This position statement is part of the CSDocs Architecture Sketch. It elaborates on proposed rules for InstanceId values and how the property is introduced. This is the basis for further e-mail discussion and arrival at a consensus position in the CSDocs Foundation proposal.
The statement is in two parts:
Having InstanceId be an Optionally-Supported Property of dmaClass_DMA Class
That is discussed in the companion page that provides the overall position statement on InstanceIds.
Having InstanceId values be DmaId values.
That is discussed on this page, along with background on using DmaId values in legacy situations.
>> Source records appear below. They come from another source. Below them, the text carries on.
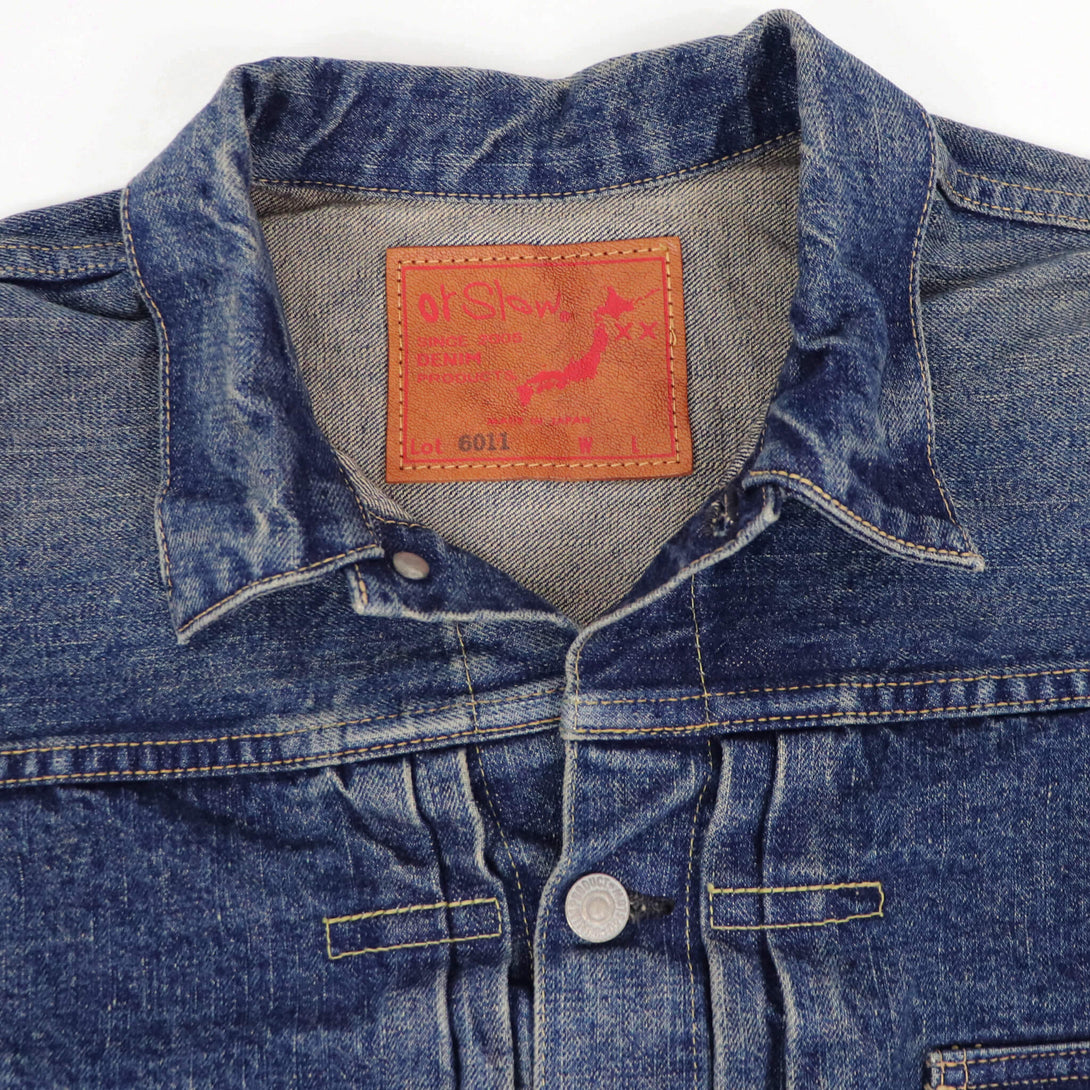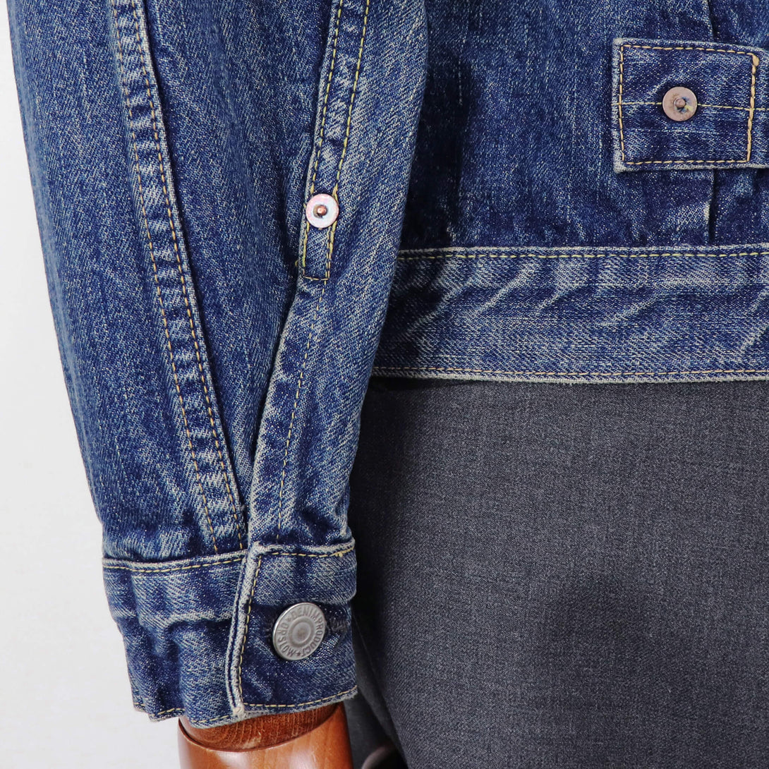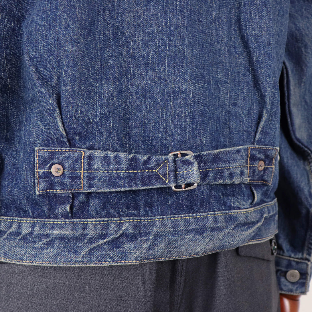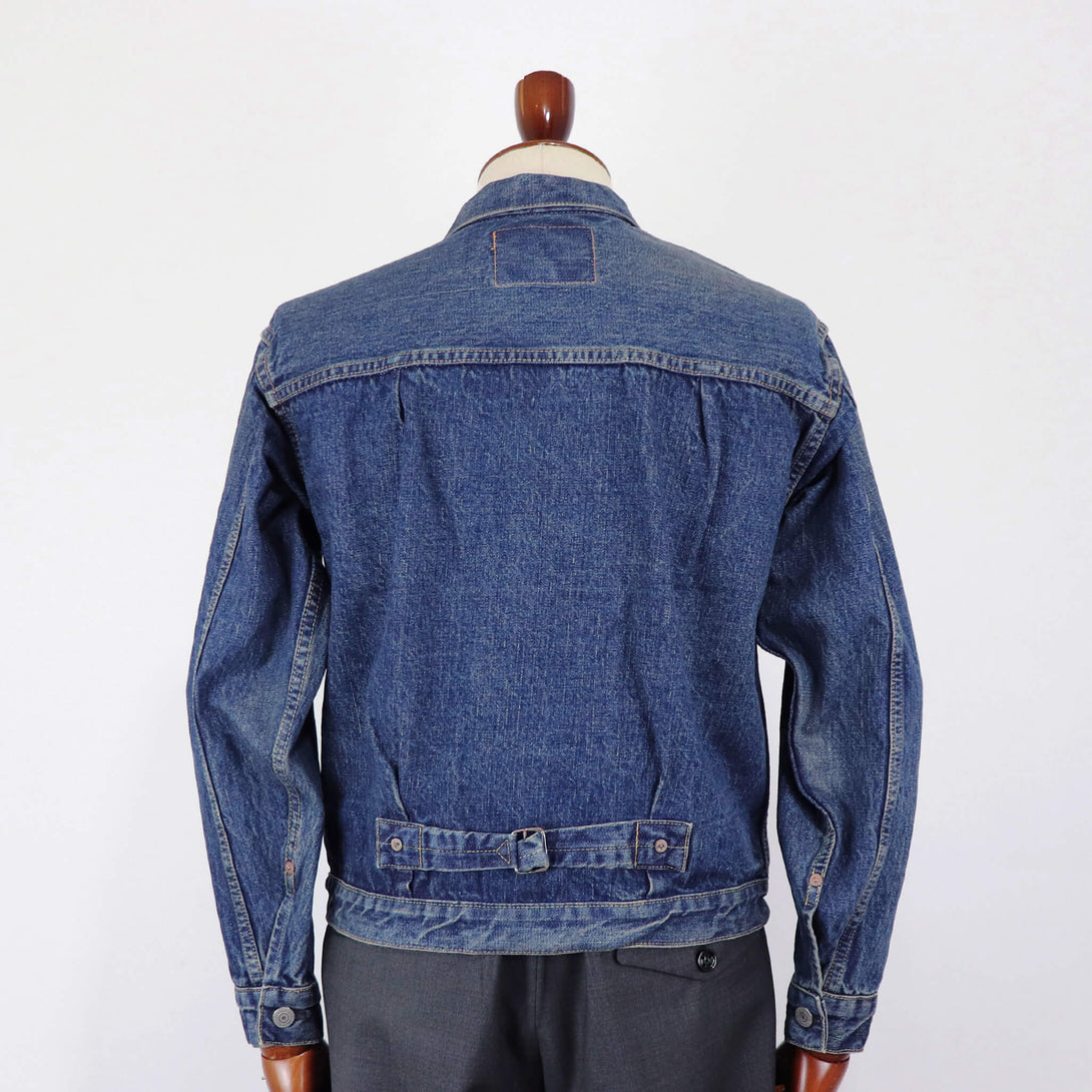 今季、orSlow(オアスロウ)から素敵なアイテムが届きました。1940年代、デニム素材のジャケットがまだジージャンと呼ばれていなかった時代プリーツの入ったブラウスと呼ばれていました。フロントプリーツのデザインは1800年代のなごりがあります。織り上がった後に防縮加工がかかっていない生地は縦方向によく縮み1800年代当時は生地を横使いで縫製し洗い後縮んだ際にプリーツをほどけば身幅を広げることが出来るといった仕様になっていたとも言われています。生地を縦方向に使う仕様になってからもデザインだけが残り現代でもフロントプリーツのデザインとして継承されています。1940年代のデニムは後年のデニムに比べ縦ムラが長い傾向があります。原料の綿を手摘みでしていたか機械でしていたかにより繊維の砕け方が違うからなのか定かではないですが1940年代以前のデニムと1950年代のデニムではムラの表情が違います。orslow6011に仕様しているオリジナルデニムも縦ムラが他の物より長い素材を使用しています。背中の仕様はサイズ3以上はTバックの仕様になっています。物が貴重で無駄なく使われていた時代に大きいサイズの生地の用尺をよくするために考えられた仕様だと思われます。
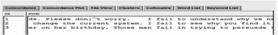 从本次作文题目交代的背景来看,澳大利亚网友Rosemary因没有通过汉语水平等级考试而情绪低落。学生首先要考虑如何翻译“没有通过”考试,除了用couldn’t pass外,还可以用fail, 那么fail 在句子中的搭配如何?如果学生不知道,可利用语料库分别对fail与failed 进行搜索。得出以下的信息。
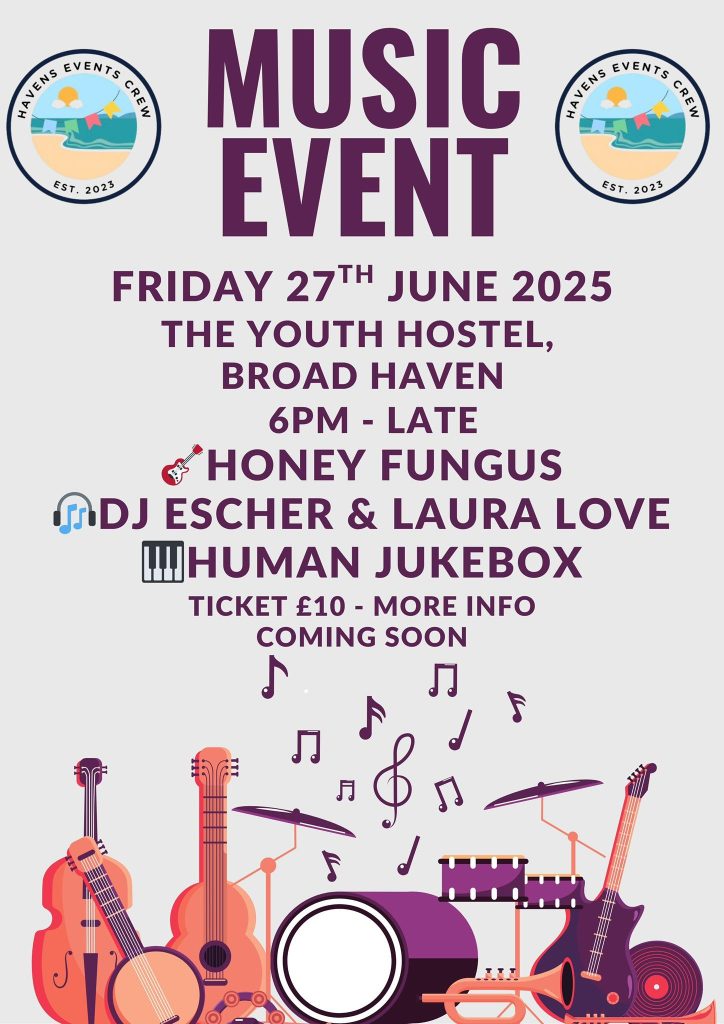 Taking place at the Youth Hostel in Broad Haven on Friday 27 June 2025, the evening promises a mix of bands, DJs and interactive performances, running from 6:00pm until late.
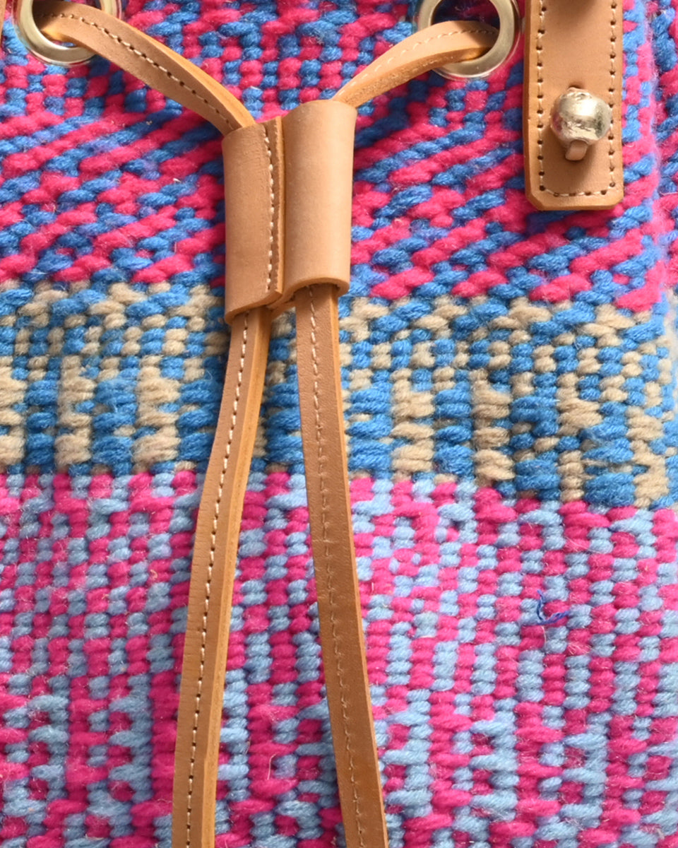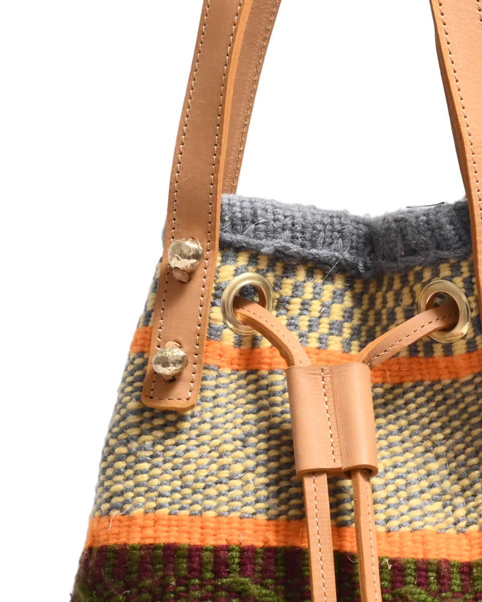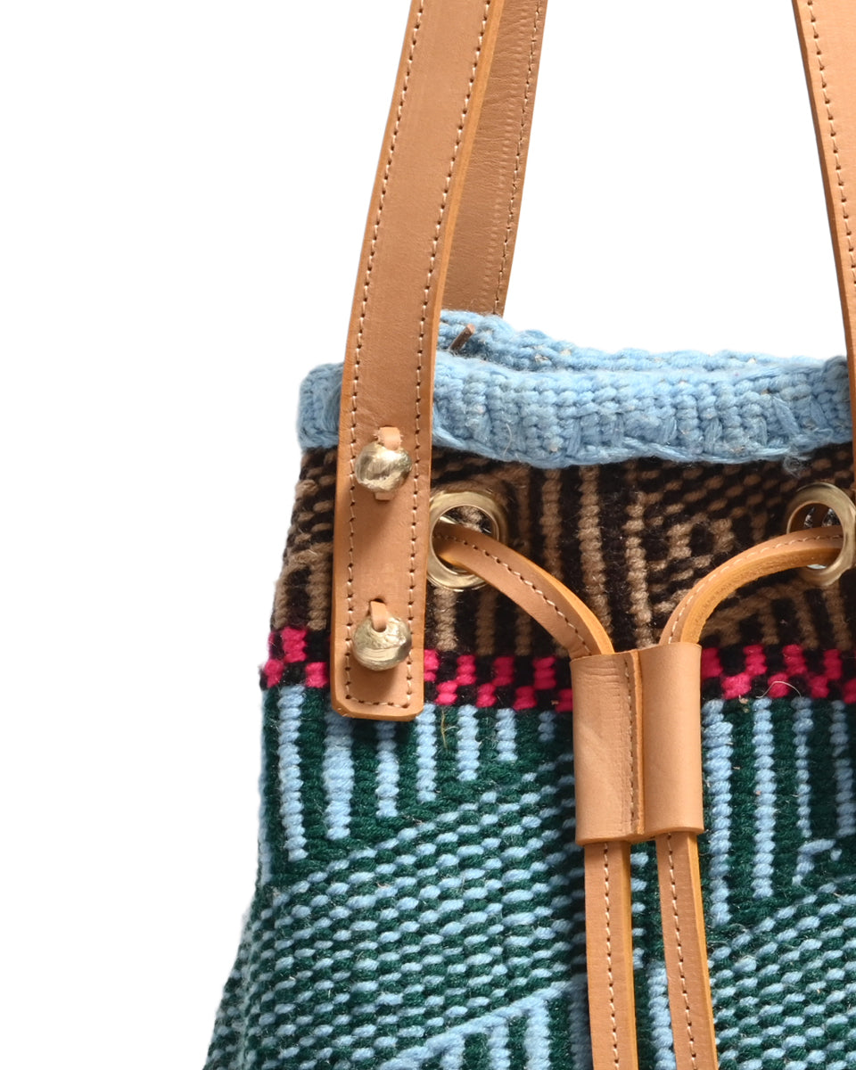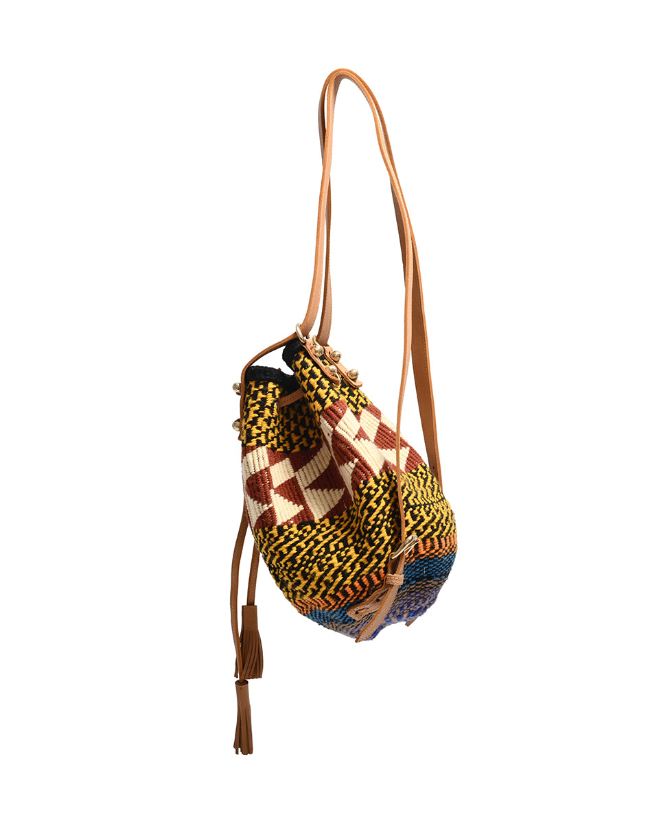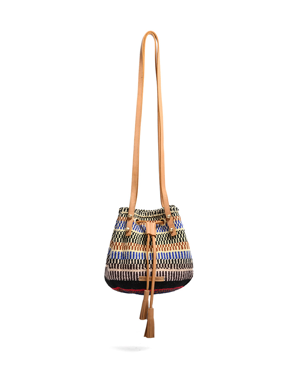 Sac d'été ultime et accessoire de festival parfait, nos sacs seau et sacs à dos tissés colorés sont tissés à la main dans des motifs tribaux uniques par des femmes travaillant au sein d'une coopérative de tissage au Kenya. Durables de bout en bout, les rivets en perles métalliques sont fabriqués à partir de laiton recyclé et coulé au sable par des artisans vivant dans le bidonville de Kawangware à Nairobi.

This is InstanceId Position Statement 0.2 created on 2003-03-03 14:30 -0700 (pdt)
Content
DCE UUID Version 1 Format
- UUID Time Stamp: time-low, time-mid, time-hi
- Clock-Seq Values
- Node Identification
Pseudo-Node Identifications
When InstanceId is Relevant
Alternatives to the CSDocs InstanceId in Identifying Specific CSRelationship Elements
Mapping Locally-Unique Ids to DmaIds
Normative Specifications
Informative References
- The InstanceId property has values of type DmaId.
- It InstanceId is supported on a class of DMA object, it is required to be read-only and system-derived. The presence of a value is optional.
- An InstanceId property has a value if and only if the DMA object supporting the property corresponds to a persistent element of a DMA System
- Any time that an object-valued property that corresponds to a dependently-persistent element is given a new value (via a Put..., Insert, or Replace method), and that value is made persistent, any InstanceId property for that new persistent element will have a never-used DmaId value.
In this position paper, use of a DmaId and achievement of global uniqueness and complete unambiguity is proposed to avoid having to worry about degrees of uniqueness, especially in query, cross-repository operations, etc.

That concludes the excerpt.